In addition to the subject i'm about to raise, and keeping with the obvious theme of the forums, I'm curious about what people think about the third gender - if we can or should term it this way - in terms of spiritual and mystical significance. I have thoughts on this, and you all know you'll hear them.
So, for those of you not familiar, the Vagina Monologues are about women accepting themselves - as a gender, and sexually; coming to terms with the female condition, their anatomy, themselves as the counterpart to the male gender, etc. Part of the reason my friend was a little offended seeing these transgendered women was for that very reason - while a transgendered woman (specifically) may have to learn to come to terms with themselves as a third gender, or understand why they feel the need to change gender (viewpoints vary), they don't realistically understand the experience of accepting themselves as women. They never experience the first period, the fear and anxiety that almost always comes with that in our society (western society particularly, it's not like this in all cultures), accepting or rising above their social status due to their gender, and all of the other mysterious things that go with being a woman (mysterious to me, because I'm a man.)

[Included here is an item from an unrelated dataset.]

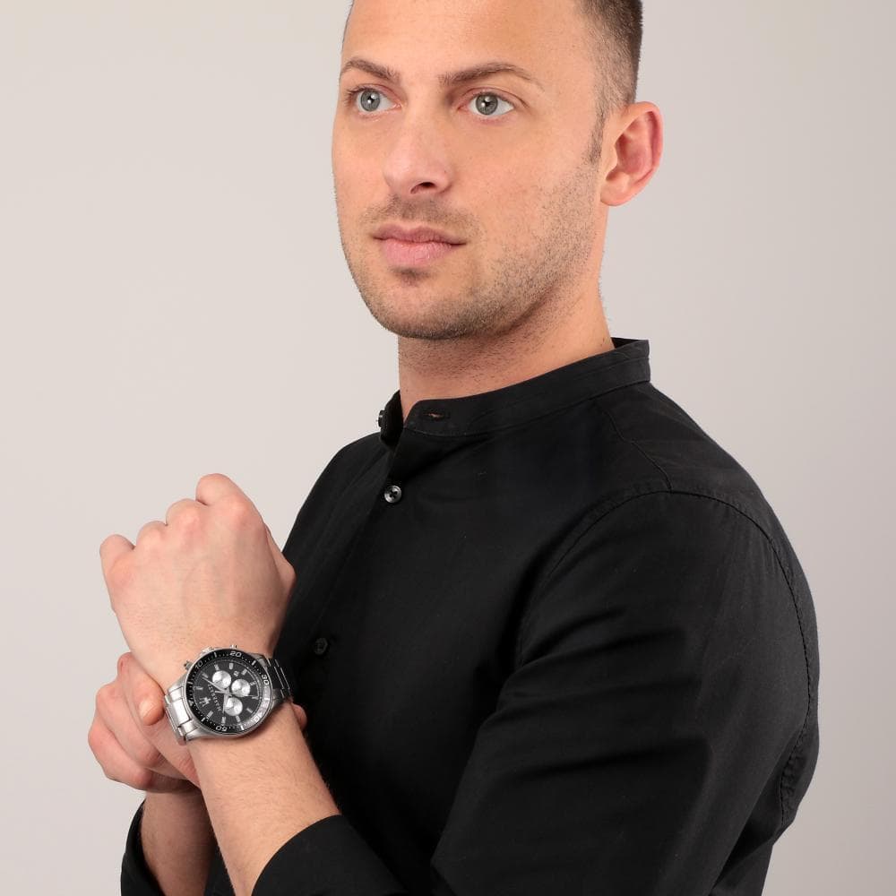 Our Maserati Sfida Chronograph is just what you need to get through the day. The chronograph tracks your progress so you beat any record that you set for yourself. An easy to read date window lets you know the day and date no matter where you are, keeping you on time for any moment. Luminous hands make the display easy to read, even at night, and with water resistance up to 100 meters, you can go for a swim without worry. The stainless-steel case and band can be dressed up or down, so you always look your best for every occasion. Our Sfida watch designed after the sportiest elements of Maserati cars, making it perfect for any gentleman to wear with any formal or casual outfit.

Now, I can sympathize with this a little bit. I've only known a couple of transgendered individuals and while I'm happy to give them whatever pronoun they want, the fact remains that they are in between genders, and this is where I found the greatest contradiction in the performance: the Vagina Monologues are about women accepting their gender and it's attendant advantages and difficulties. This play is performed here by a group of people who didn't accept their gender.
Now, in some cultures a third gender is recognized, and in other cultures this condition is simply overlooked - Thai culture, for instance, never bats an eyelash at a transgendered woman; if a man wants to live as a woman, it's just accepted, although I'm not entirely sure it goes the other way for transgendered men. In parts of india, a third gender is recognized - if I have my information correct - which is neither male nor female, because they aren't either one. In the west, though, the concept of a third gender is pretty new, and most transgendered individuals seem to prefer considering themselves part of their new gender. Personally, I don't think this is right. Like my friend, I feel this cheapens the experience of being one gender or the other. For a third-gender individual to say that they understand, experientially, or to celebrate themselves as their new gender, feels somewhat wrong, even offensive, to me as well. Not only that, but I believe it cheapens the experience of being third-gender as well.

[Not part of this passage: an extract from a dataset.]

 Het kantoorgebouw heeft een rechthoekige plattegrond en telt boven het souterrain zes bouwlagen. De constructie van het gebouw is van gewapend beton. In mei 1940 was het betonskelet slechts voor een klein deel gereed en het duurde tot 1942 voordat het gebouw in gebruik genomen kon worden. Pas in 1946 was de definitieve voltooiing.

On the spiritual side, I have wondered what the significance of a third gender is. The obvious significance is in the hermaphrodite, the union of male and female into one new being. However, I'm not sure that this divine union can be applied here, and I'll tell you why.

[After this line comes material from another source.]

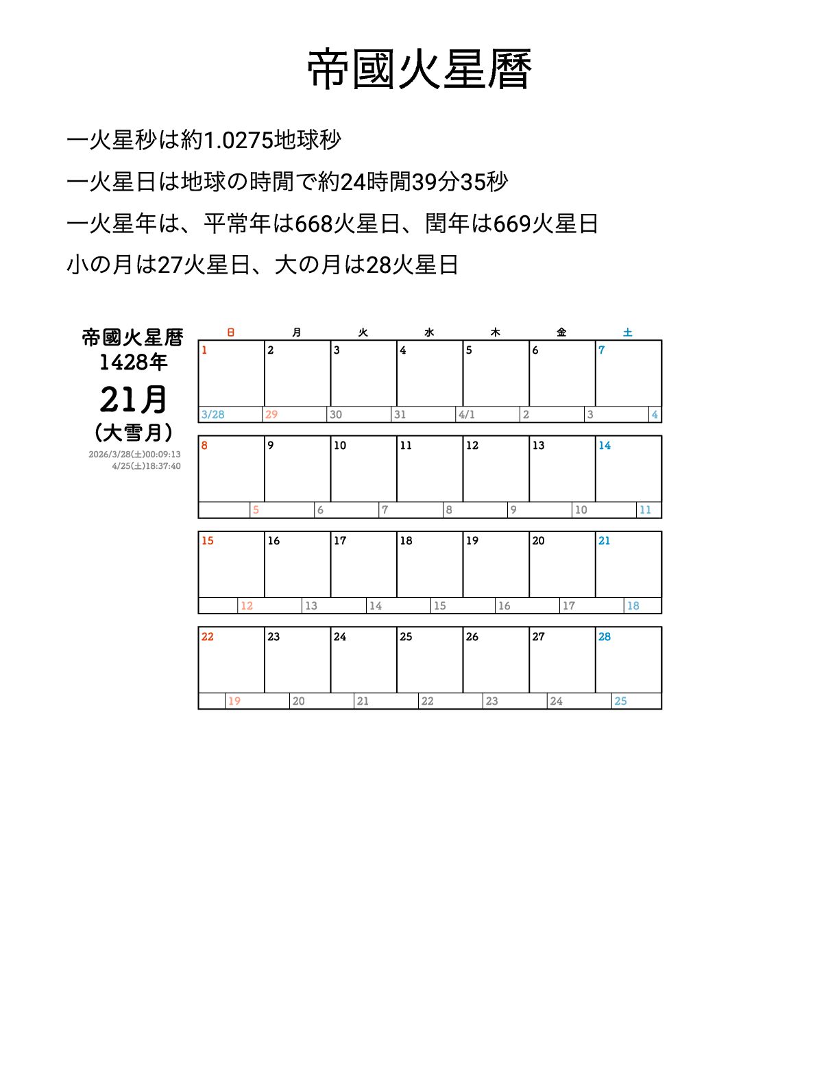 小の月は27 火星日、大の月は28 火星日 帝國⽕星暦 1428年 21⽉ (⼤雪⽉) 2026/3/28(⼟)00:09:13 4/25(⼟)18:37:40 ⽇ ⽉ ⽕ ⽔ ⽊ ⾦ ⼟ 1 2 3 4 5 6 7 8 9 10 11 12 13 14 15 16 17 18 19 20 21 22 23 24 25 26 27 28 3/28 29 30 31 4/1 2 3 4 5 6 7 8 9 10 11 12 13 14 15 16 17 18 19 20 21 22 23 24 25

The classical concept of uniting the feminine with the masculine has always been, to me, about balance, integration, and acceptance of both the masculine and feminine parts, reconciled into one. Obvious parallels here are the joining of light to dark, magnetic to electric, yin to yang, etc. - the list literally includes everything in existence on one side or the other of the spectrum. However, what I see in a transgendered individual - from my obviously limited external viewpoint - is someone who has given up or rejected one part of themselves to take on another form. Now, this is quite general, and I'm sure there are exceptions in the form of individuals who live as women/men while maintaining their natural anatomy. But even then, it still seems like substitution.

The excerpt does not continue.